И потому при оценке постоянных, будничных упоминаний авторами о “последних временах” (словно бы о спортивном прогнозе или сводке погоды) следует исходить не из естественного почтения к приводимым цитатам. А из тривиального, нисколько не противоречащего Христу здравого смысла. Право, это дает более надежный и верный результат.

Но пойдем дальше. Поговорим теперь о православной технологии спасения (термин группы авторов, не наш).

“Важнейшим из инструментов религиозного воздействия на общественно-политические процессы является агиополитика православия, то есть политика, проводимая святыми, через обращение к святым, святыням и священным символам. Православное вероучение предполагает, что обращение к божественному покровительству и защите святых и святынь может вести и ведет к реальным политическим результатам, таким, как предотвращение военного поражения, военная победа, прекращение гражданских смут или бедствий и т. д.  <...> Выживание России в критических ситуациях и ее геополитические успехи — все это сопровождалось продуманными агиополитическими мероприятиями. И напротив, государственные неудачи обычно приходили вслед за пренебрежением агиополитикой”.
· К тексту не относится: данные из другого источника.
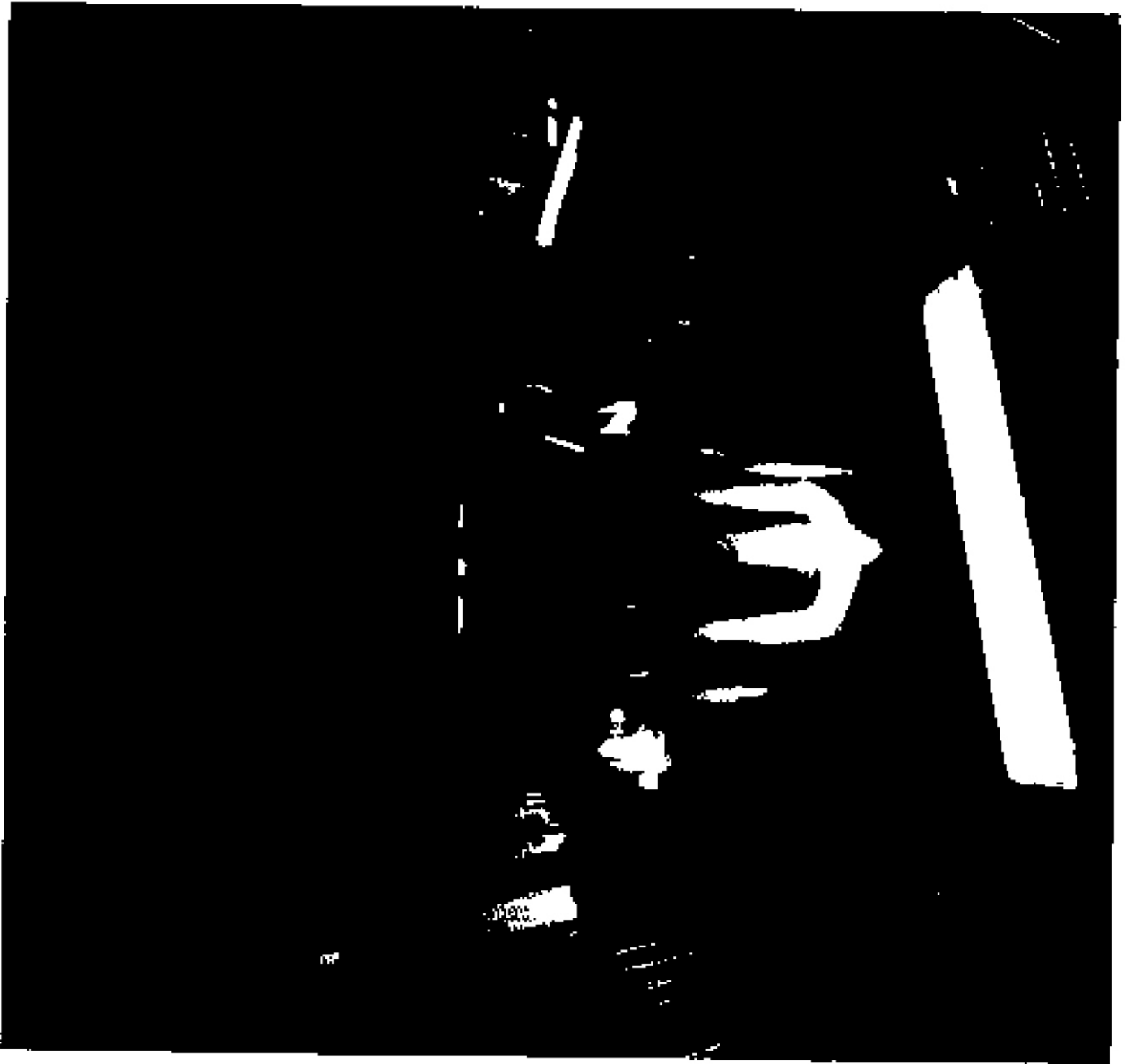
Pulse Jet Mixer
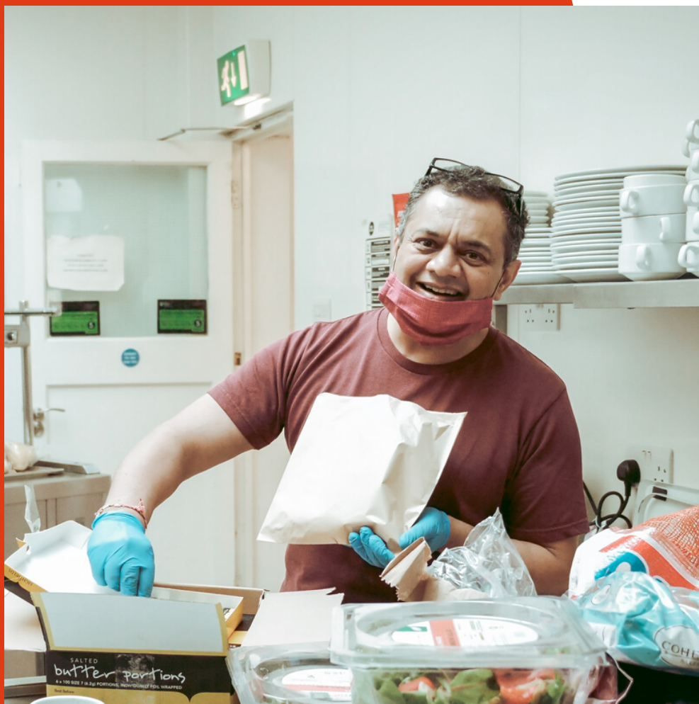
River House Trust serving the local HIV community during lockdown.

"We're truly grateful to see locals give money and time to help each other in these unprecedented times."
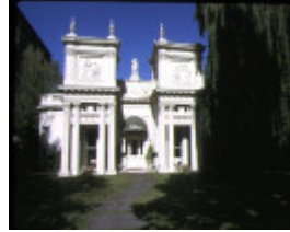
1 rathgael former estella now the willow 462 stkilda rd melb external front view
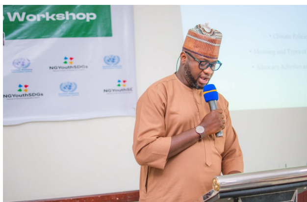
A resource person addresses participants at the workshop
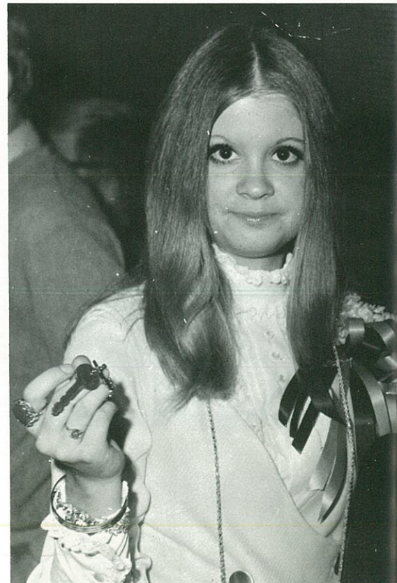
Here's the Key to my Heart . . .
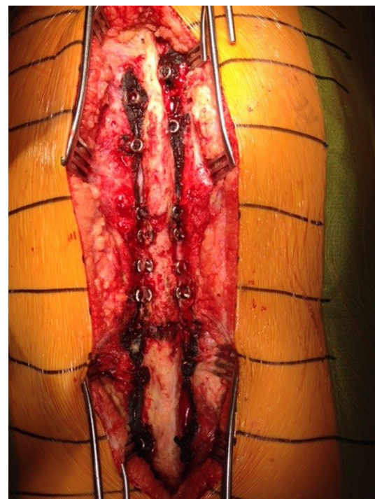
Figure 5 In situ metallosis in patients.

Note: In situ metallosis has been seen in many patients and has not shown any adverse effects on the individuals.

Ну что можно сказать об этой непостижимой смеси рассудочного расчета и магического шаманства? Что не обращаться ко Христу христианин просто не может? Что к “реальным результатам” обращение может привести, а может и нет — Ему все-таки, а не нам виднее?

“Русское православие обладает колоссальным, имеющим стратегическое значение для страны агиополитическим ресурсом. Во-первых, это реальный ресурс бесчисленного множества прославленных и непрославленных святынь, благодатная помощь которых важна для преодоления многих критических ситуаций и оздоровления общественной жизни. Участие в агиополитических мероприятиях — это важнейший сплачивающий нацию фактор. Во-вторых, это ресурс сакральных символов и образов, воздействие которых на человека значительно повышает мобилизационную энергию нации, создает „пространство священного”, необходимое для созидательных действий”.

За этим скорбным памятником стилистического опустошения, окончательной атрофии религиозного языка — бьется одна навязчивая мысль. Откуда у авторов эта постоянная зацикленность на масштабе, эти пародийно-серьезные “сакральные индустриализации” и “прорывы в Небо”? Сразу вспоминается гениально-железобетонное “все выше, и выше, и выше” — которое вроде бы здесь совсем ни при чем...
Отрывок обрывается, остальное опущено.